International Journal of Computer Applications |
Foundation of Computer Science (FCS), NY, USA |
Volume 182 - Number 38 |
Year of Publication: 2019 |
Authors: Asha Kiran Grandhi, Manimala Puri, S. Srinivasa Suresh |
10.5120/ijca2019918390 |
Asha Kiran Grandhi, Manimala Puri, S. Srinivasa Suresh . Privacy Preserving Model using Homomorphic Encryption. International Journal of Computer Applications. 182, 38 ( Jan 2019), 12-18. DOI=10.5120/ijca2019918390
Privacy preserving is utmost important in medical applications. Cryptography has numerous techniques to safe guard the privacy of the data. It is practice to use private key for encryption and public key for decryption in the area of cryptography. Conventionally, without decryption, data usability is difficult. However, the complications outweigh the private and public keys.
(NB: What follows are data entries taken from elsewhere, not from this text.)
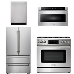 This Thor Kitchen appliance package is complete with a Professional 36" Gas Range, 36" Refrigerator, 24" Dishwasher and 24" Microwave Drawer.
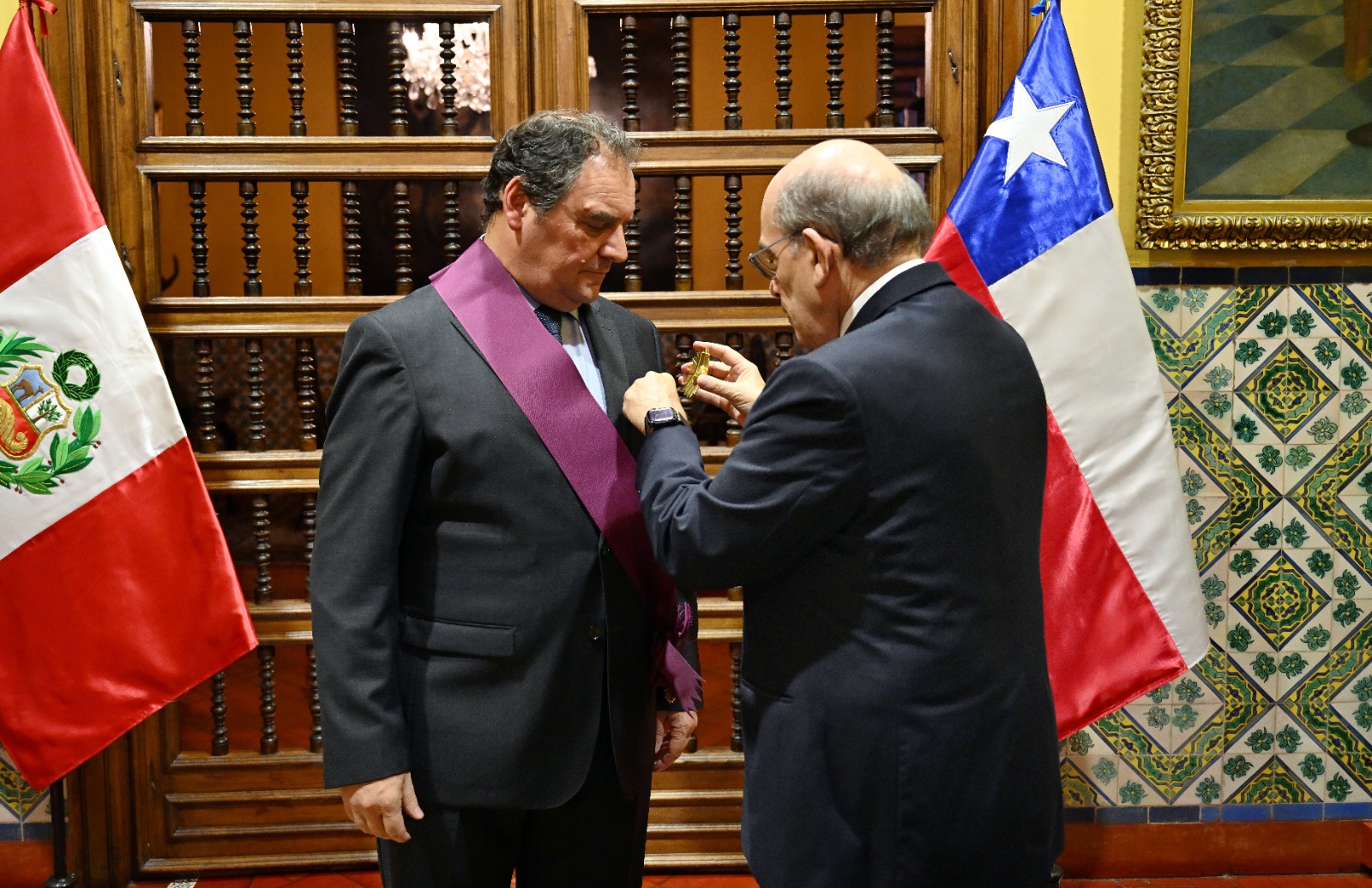 Con motivo del término de su misión diplomática en Lima, el Embajador de Chile, Oscar Fuentes Lira, fue despedido con la máxima distinción que el Estado peruano confiere a ciudadanos extranjeros. En una ceremonia solemne, el diplomático chileno fue condecorado con la Orden “El Sol del Perú” en el grado de Gran Cruz, en reconocimiento a su valiosa contribución al fortalecimiento de las relaciones bilaterales.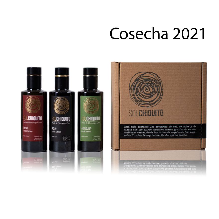 Early harvest extra virgin olive oil gift box that contains picual, royal and arbequina varieties in three 250 ml bottles, ideal to give a gift, full of health and aromas, to your family, friends, clients or employees.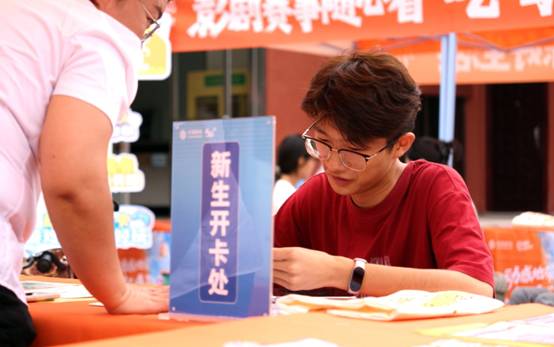 營業廳外,橙色帳篷整齊排列,迎新標識充滿活力,新生們紛紛來到網紅打卡角,定格入學美好瞬間。工作人員還貼心為新生們準備了帆布袋、簽字筆、文件袋等文創產品,為新生送上一份驚喜?!胺浅<?,能來到鄭州大學,中國移動的套餐比較優惠,工作人員的服務都很貼心?!贝笠恍律钔瑢W拿著新辦理的手機卡開心的說道。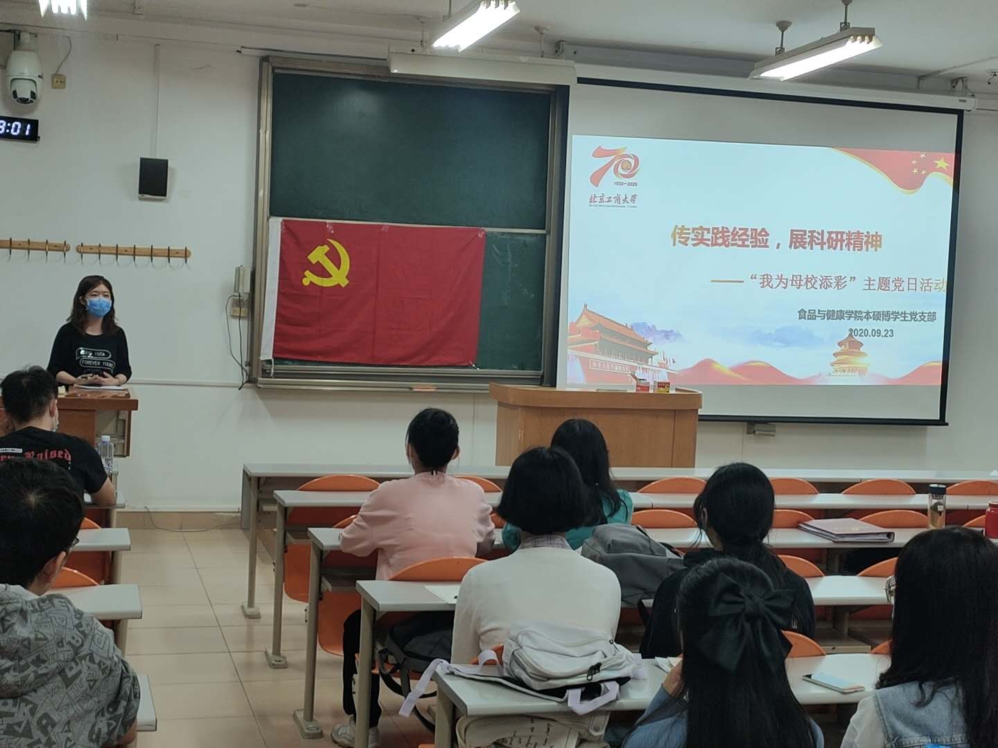 9月23日晚,食品與健康學(xué)院本碩博各學(xué)生黨支部聯(lián)合開展了以“傳實(shí)踐經(jīng)驗(yàn),展科研精神——我為母校添彩”為主題的黨日活動。此次活動由食品科學(xué)與工程本科生黨支部書記李欣萍主持。

This paper presents privacy preserving model based on Homomorphic encryption technique and model evaluation using classification technique. The homomorphic model highlights usability of the data without decryption. The objective of this paper is to show how the encrypted data is preserving underlying relations through classification tree. This paper presents two parts: Part-I describes the model building on medical data using PSO optimization and filer based co-efficient matrix (for encryption) to protect privacy of the data and part-II describes model evaluation using classification tree and clustering technique. The performance of the encryption is tested using predictive modelling technique (classification tree technique) and K-Means clustering technique, to assess whether the underlying relations are preserved in the encrypted data. The experimental results show that the underlying classification accuracy of encrypted data and source data (non-encrypted) is just varying by +/- 5%.